The results of Kappa scores within the same institution and between institutions showed fair agreement on both variability and level. However, the degree of agreement between readers was relatively good, and there were no differences between institutions. The factor contributing to differences in the interpretation between the automatic CTG assessment system (Trium) and obstetricians was identified as decelerations. The reason could be due to differences between the assessment of mild variable and mild late, as well as between severe variable and severe late, which caused the agreement on levels to decrease.
Intra-rater reliability for a single obstetrician is higher than the inter-rater agreement rate between obstetricians [
3]. Previous studies have shown that agreement rates among different raters are highly variable [
2], which was also the case in the present study. The reason for this was the assessment of deceleration, with the most common disagreements occurring between mild variable and severe variable, as well as between severe variable and severe late. However, we believed this was due, in part, to assessor factors.
In this study, we examined the factors of disagreement in CTG readings. Differences associated with the subjectivity of readers and interpretation of guidelines were some hypothesized factors, but the results of this study negate these hypotheses. Another factor was the quality of CTG, particularly with the automatic CTG assessment system (Trium), where unreadable data is not an option and all readings are classified into some category. Results are always classified into some category even when patterns consist of many indistinguishable complicated patterns in the 10 minutes. In this study as well, mild variable, mild late, severe variable, and severe late sometimes appeared as temporary changes, and these were likely important factors for disagreement between readings.
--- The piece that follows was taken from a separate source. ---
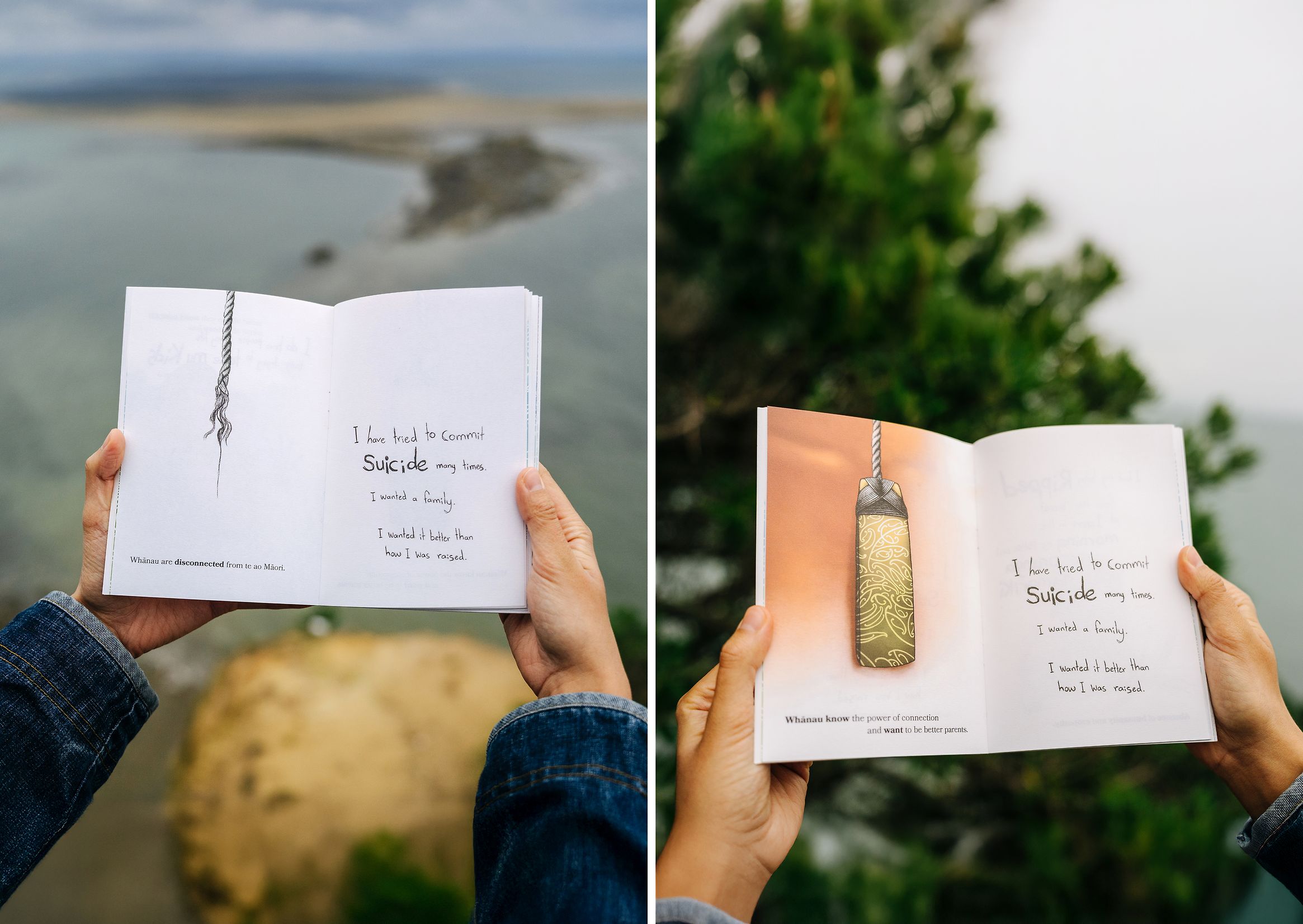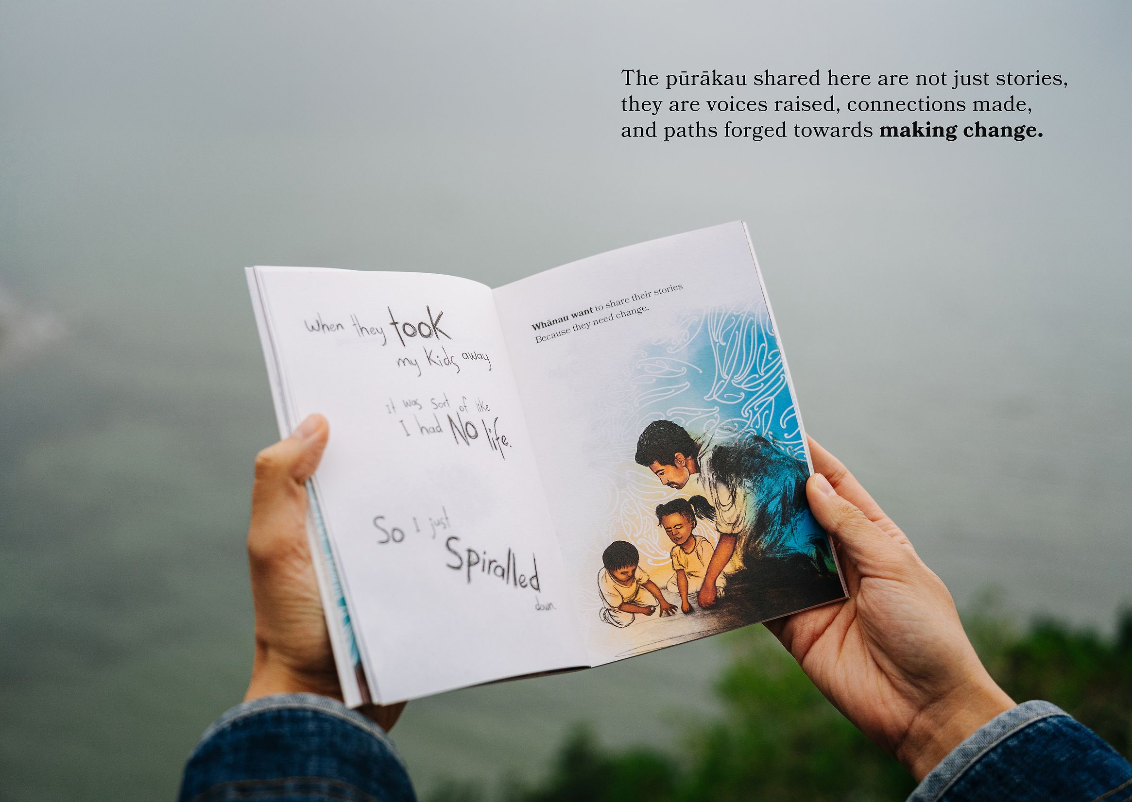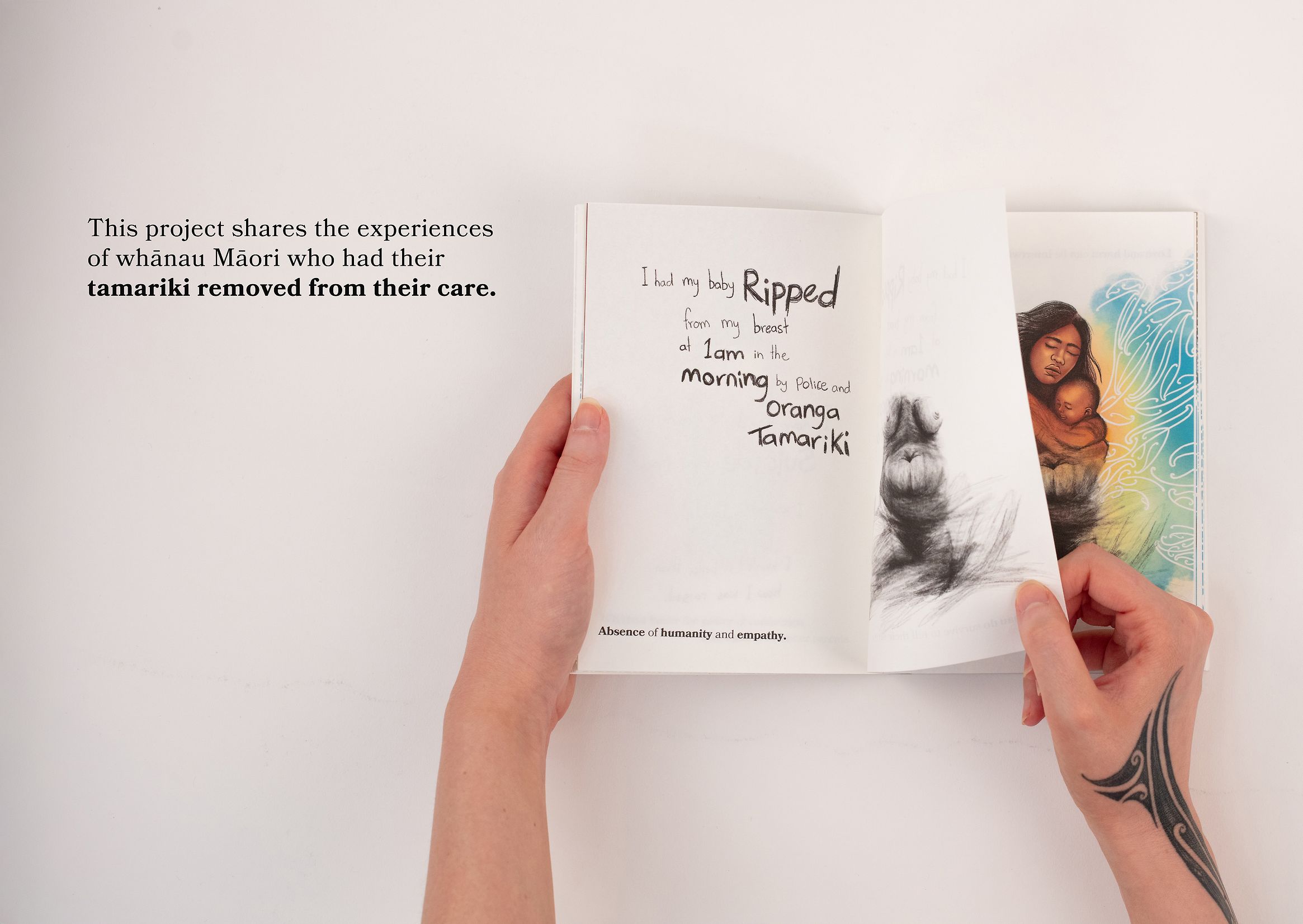 El trabajo no romantiza el trauma; lo contextualiza y lo honra. Cada página del libro está diseñada para acompañar, no para interpretar. Las ilustraciones están acompañadas por citas literales de los wānanga, que capturan la voz real de las familias. Este enfoque evita que la investigación se convierta en datos fríos y la transforma en narración viva, en un diálogo visual que eleva, reconoce y legitima la experiencia vivida.

Kappa scores were used in this study, which are known to be lowered by data bias [
6]. Previous publications have shown that agreement rates decline with worse FHR patterns [
7,
8,
9], which, therefore, was avoided by utilizing CTG from cases with umbilical cord arterial blood pH <7.15 at birth in the current study. Nevertheless, the high percentage of normal waveforms suggested that some Kappa scores may have been lower than they would have normally been. Moreover, one of the limitations of the study was the discrepancy in the results of the automatic CTG assessment system (Trium) due to deceleration; it is suggested to improve this to enhance the agreement on the level.